Андрей Хаданович. Торговцы воздухом. Эссе. — “Сибирские огни”, Новосибирск, 2009, № 2 <http://magazines.russ.ru/sib>.
“Белорусскому литератору, когда он не шибко лояльно относится к сегодняшнему политическому режиму, за редким исключением почти негде печататься, а читателю, соответственно, почти нечего читать. Потому таким важным делается фактор воздуха. Потому чрезвычайно вырастает значимость живых выступлений. Более того, эти торжества собирают чрезвычайное количество публики. 500 — 600 человек в битком набитом зале во время вечера поэзии для сегодняшнего Минска — далеко не предел. Такая публика много к чему готова: например, слушать поэзию без микрофонов, когда они отсутствуют по техническим причинам. Либо слушать читаное или пропетое слово на пленэре, когда чиновники запрещают пускать в помещение. Возможный ливень во время выступления, как ни удивительно, не станет преградой ни поэту, ни публике, а кое-кому даже подбавит энтузиазма. Но такая ситуация требует и другой поэзии — более внимательной, скажем, к стихии воздуха. Категория легкости, когда-то воспетая Итало Кальвино, — определяющая характеристика таких произведений. Повышенную роль играет анахроническая в Западной Европе, но абсолютно натуральная у нас традиционная версификация. Но традиционность эта компенсируется целым рядом приемов „завода” публики. Устное выступление требует виртуозности в ритмике. Неожиданная рифма, специальная инструментовка, игра словами, всякая формальная изобретательность и всякое нарушение ожиданий слушателей — качества, необходимые нашей сегодняшней поэзии; необходимые, извиняюсь, как воздух. <...> Я знаю молодого стихотворца, который считает главным критерием настоящей лирики способность хорошо запоминаться, сразу ложиться наизусть, — и целиком его понимаю. Не сумеешь прозвучать в плохих акустических условиях и запомниться с первого прослушивания — второй возможности может и не быть”.

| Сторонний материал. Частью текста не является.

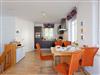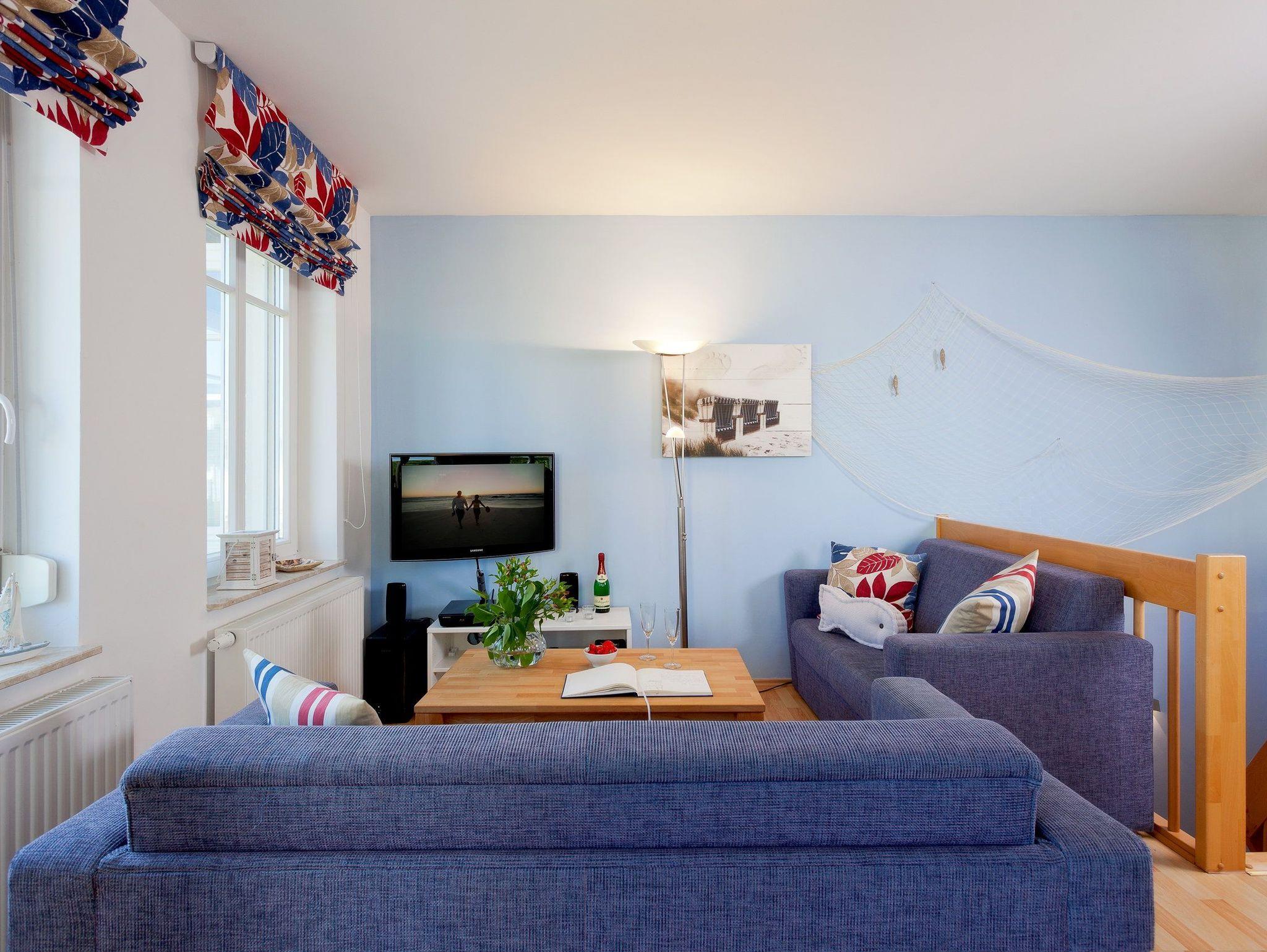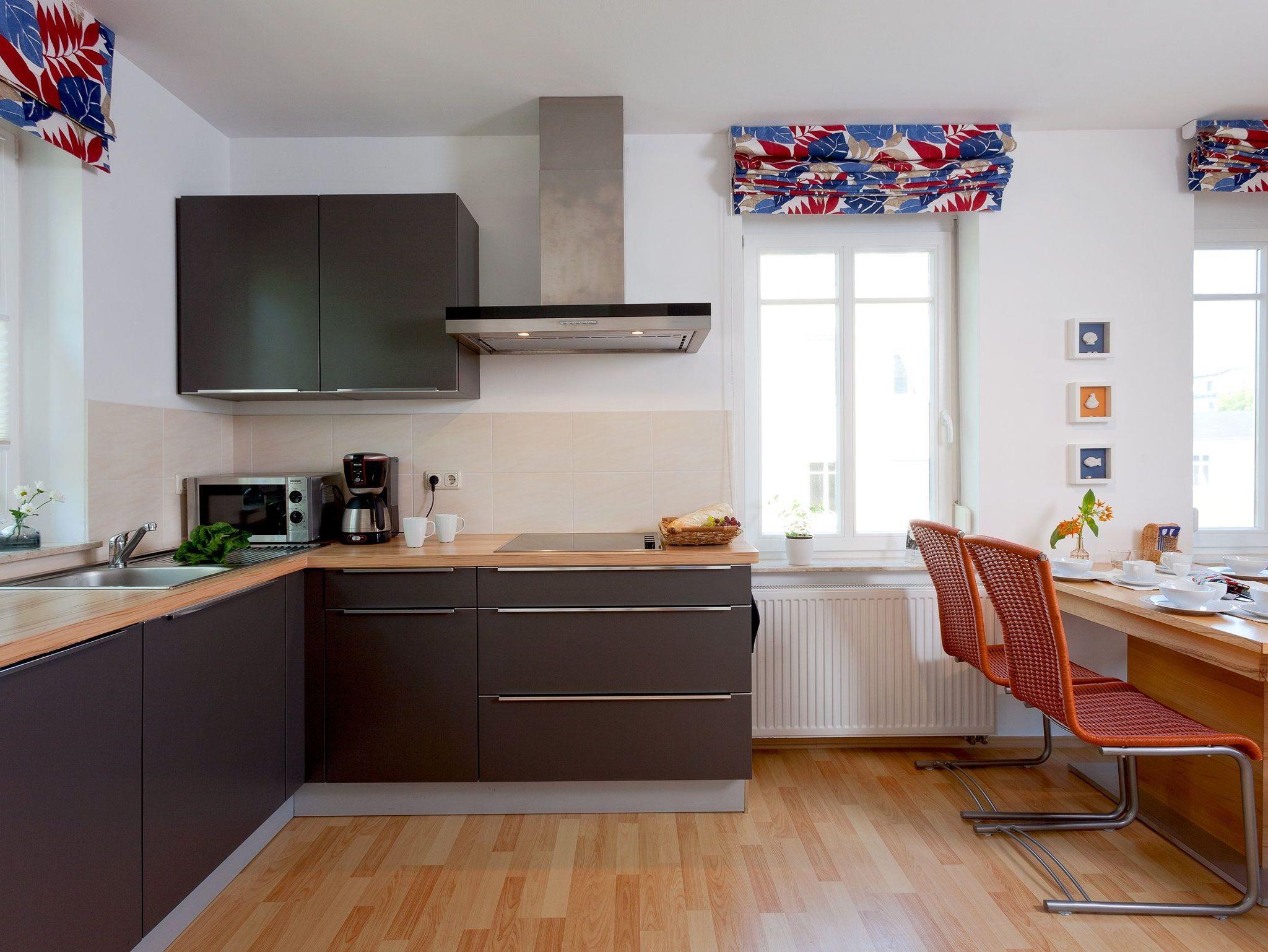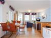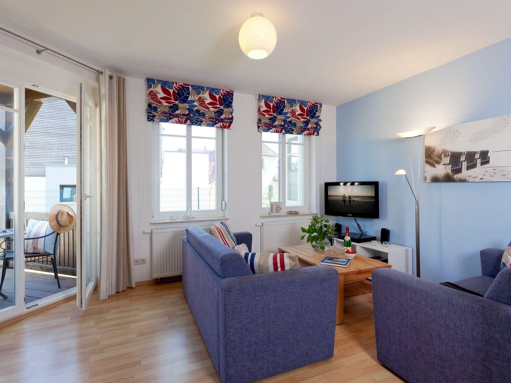 Der Wohnbereich verfügt über eine gemütliche Couch (mit Ausziehfunktion für Aufbettung) mit Leselampe, Flachbild-TV (32 Zoll), CD / DVD / Bluray 2.1 Dolby System sowie einen Esstisch mit Schwingstühlen. Vom Wohnbereich gelangen Sie auf Ihren Balkon mit Zugang zum Garten. Die im Wohnbereich integrierte komplett ausgestattete Einbauküche verfügt zudem über Kühlschrank, Mikrowelle, Cerankochfeld (4 Platten), Backofen, Spülmaschine, Wasserkocher, Toaster, Kaffeemaschine (4er Filter), Messerblock.

Егор Холмогоров. О снах и вере. [Мельница. Дикие травы. Navigator Records . 2009.] — “Русский Обозреватель”, 2009, 24 февраля <http://www.rus-obr.ru>.

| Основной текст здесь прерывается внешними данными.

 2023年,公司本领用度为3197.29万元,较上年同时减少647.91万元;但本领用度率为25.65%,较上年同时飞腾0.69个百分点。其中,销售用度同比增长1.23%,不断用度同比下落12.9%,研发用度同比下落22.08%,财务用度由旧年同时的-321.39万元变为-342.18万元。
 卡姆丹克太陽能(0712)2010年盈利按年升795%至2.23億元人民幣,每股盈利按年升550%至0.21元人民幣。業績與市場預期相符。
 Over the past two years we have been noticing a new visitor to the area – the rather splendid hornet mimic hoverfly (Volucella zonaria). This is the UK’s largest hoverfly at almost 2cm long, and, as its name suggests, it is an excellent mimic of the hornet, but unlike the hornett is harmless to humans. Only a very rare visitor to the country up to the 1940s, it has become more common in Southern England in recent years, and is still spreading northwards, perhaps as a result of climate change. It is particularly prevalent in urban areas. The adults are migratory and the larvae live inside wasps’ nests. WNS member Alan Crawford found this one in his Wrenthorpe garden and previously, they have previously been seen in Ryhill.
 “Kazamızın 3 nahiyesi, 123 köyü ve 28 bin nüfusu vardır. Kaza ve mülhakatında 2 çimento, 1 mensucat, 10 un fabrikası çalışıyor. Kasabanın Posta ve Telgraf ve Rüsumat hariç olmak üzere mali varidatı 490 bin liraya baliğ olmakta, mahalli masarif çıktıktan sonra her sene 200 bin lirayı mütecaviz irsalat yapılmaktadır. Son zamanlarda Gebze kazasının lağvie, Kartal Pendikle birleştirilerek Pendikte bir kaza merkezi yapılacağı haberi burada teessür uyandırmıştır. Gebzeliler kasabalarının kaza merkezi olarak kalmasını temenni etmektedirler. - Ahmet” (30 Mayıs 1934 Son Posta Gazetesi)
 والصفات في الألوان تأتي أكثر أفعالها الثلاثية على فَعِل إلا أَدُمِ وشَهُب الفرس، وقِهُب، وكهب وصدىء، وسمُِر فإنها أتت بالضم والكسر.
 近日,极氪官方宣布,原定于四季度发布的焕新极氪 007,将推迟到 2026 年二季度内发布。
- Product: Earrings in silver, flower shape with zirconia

“Любите ли вы „Мельницу” так, как люблю ее я? Это вряд ли. Весной 2003 года в мой кабинет в редакции „Консерватора” ворвался мой добрый знакомый, назовем его М., и положил мне на стол самодельный диск со словами: „Послушай, это совершенно потрясающая русская фошистская группа” (в персональной мифологии этого знакомого слово „фошистский” не имело отношения ни к каким зигам-загам и значило примерно то же, что у ведущих „Эха Москвы”, говорящих это с обратным знаком, — то есть русское хорошего качества, не имеющее ничего общего с навязанными нашей родине псевдообщечеловеческими культурными и идейными трендами) . Отношение мое к пытавшимся играть в этой парадигме группам было, мягко говоря, скептичным — „идеологическая правильность”, порой с довольно отвратительным душком, там явно главенствовала над качеством. Поэтому, вставляя диск в плеер (помните, мы тогда ходили с такими лепешками на поясе?), я ожидал не слишком многого... И попал в потрясающий волшебный и мифологический мир, где слово и звук переплелись в неразрывном единстве не хуже, чем Полоз с его невестой. Попал в свой мир, который кто-то из абстрактных философских конструкций мановением руки превратил в песню... Переживание от первой встречи с „На Север”, „Оборотнем”, „Дверьми Тамерлана”, „Господином горных дорог” может понять только тот, кто сам пережил нечто подобное. „Ну ладно, — подумал я, — поете вы хорошо. Но как выглядите? Наверняка песни пишет сутулый мальчик-очкарик, а поет долговязая брюнетка с длинными, плохо промытыми волосами, воображающая себя Грейс Слик”. Каков опять же был мой шок, когда, открыв сайт группы (по счастью, он у нее имелся, „Мельница”, и это вновь поколенческий признак, рано сделала ставку на Интернет), я увидел фотографии белокурой небожительницы, воплощенного идеала умной русской красоты. Стало понятно, что „Мельница” — наше все. Эта музыка, эти слова, этот образ должны стать музыкой, словами и образом поколения. Что если есть „Мельница”, то, значит, есть зачем жить и ради чего бороться за будущее”.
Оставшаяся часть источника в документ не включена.